- _Information shown_
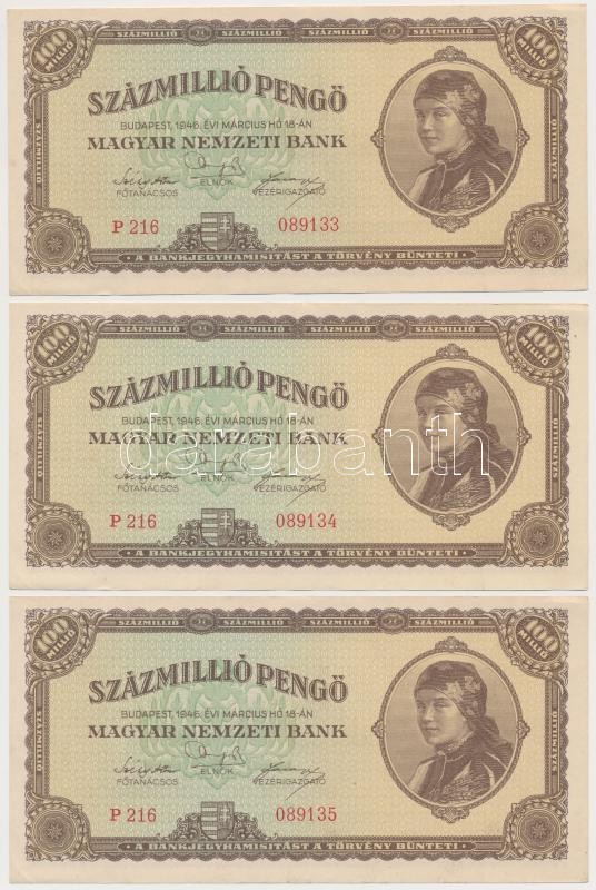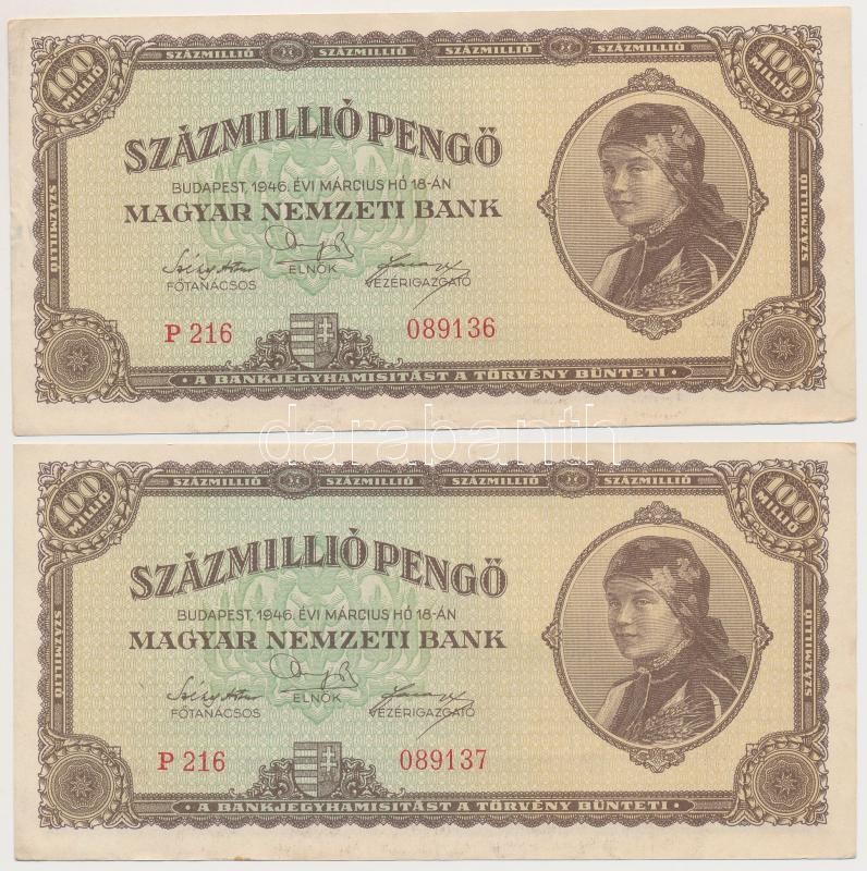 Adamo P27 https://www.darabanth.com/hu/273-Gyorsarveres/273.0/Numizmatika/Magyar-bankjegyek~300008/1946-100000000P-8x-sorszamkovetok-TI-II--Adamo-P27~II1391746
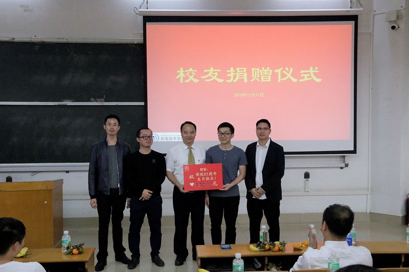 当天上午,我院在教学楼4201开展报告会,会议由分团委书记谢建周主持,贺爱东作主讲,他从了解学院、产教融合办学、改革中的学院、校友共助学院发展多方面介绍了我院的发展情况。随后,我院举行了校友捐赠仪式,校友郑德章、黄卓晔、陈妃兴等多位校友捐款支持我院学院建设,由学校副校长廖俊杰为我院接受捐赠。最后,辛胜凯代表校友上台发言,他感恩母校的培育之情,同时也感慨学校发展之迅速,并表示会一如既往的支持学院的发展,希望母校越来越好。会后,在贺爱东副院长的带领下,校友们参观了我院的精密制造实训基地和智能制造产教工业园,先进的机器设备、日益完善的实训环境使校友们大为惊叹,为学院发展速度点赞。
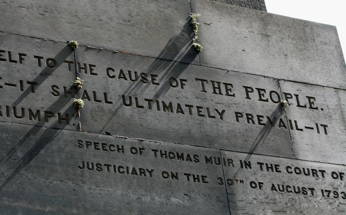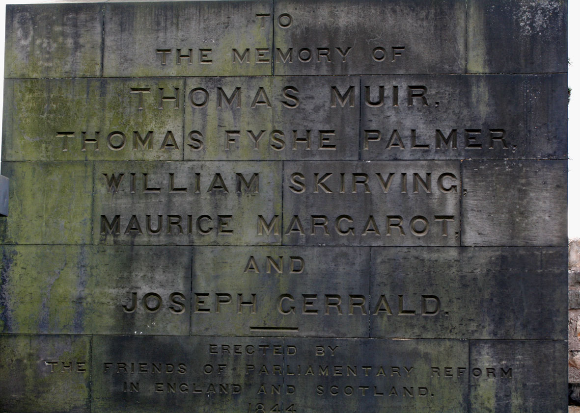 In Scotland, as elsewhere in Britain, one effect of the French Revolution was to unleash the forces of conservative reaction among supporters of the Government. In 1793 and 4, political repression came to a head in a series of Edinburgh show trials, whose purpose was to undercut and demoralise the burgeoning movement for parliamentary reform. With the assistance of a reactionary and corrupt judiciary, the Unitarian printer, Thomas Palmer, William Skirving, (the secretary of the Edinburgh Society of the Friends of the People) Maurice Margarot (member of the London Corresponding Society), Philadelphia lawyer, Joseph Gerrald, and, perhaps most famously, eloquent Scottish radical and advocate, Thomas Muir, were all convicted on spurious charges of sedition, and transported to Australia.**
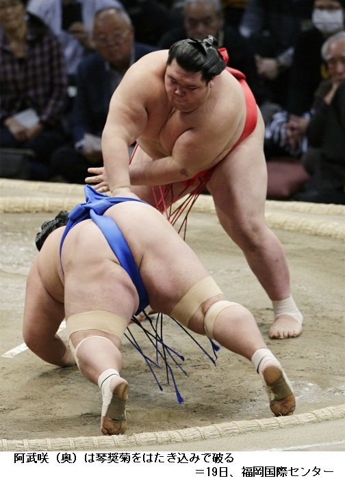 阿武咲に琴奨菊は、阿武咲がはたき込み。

- _Task brief_
Leaving every picture out, write out exactly the lines from the one that holds "In Scotland, as" through the end of the listing, both included.

- _Answer box_
 In Scotland, as elsewhere in Britain, one effect of the French Revolution was to unleash the forces of conservative reaction among supporters of the Government. In 1793 and 4, political repression came to a head in a series of Edinburgh show trials, whose purpose was to undercut and demoralise the burgeoning movement for parliamentary reform. With the assistance of a reactionary and corrupt judiciary, the Unitarian printer, Thomas Palmer, William Skirving, (the secretary of the Edinburgh Society of the Friends of the People) Maurice Margarot (member of the London Corresponding Society), Philadelphia lawyer, Joseph Gerrald, and, perhaps most famously, eloquent Scottish radical and advocate, Thomas Muir, were all convicted on spurious charges of sedition, and transported to Australia.**
 阿武咲に琴奨菊は、阿武咲がはたき込み。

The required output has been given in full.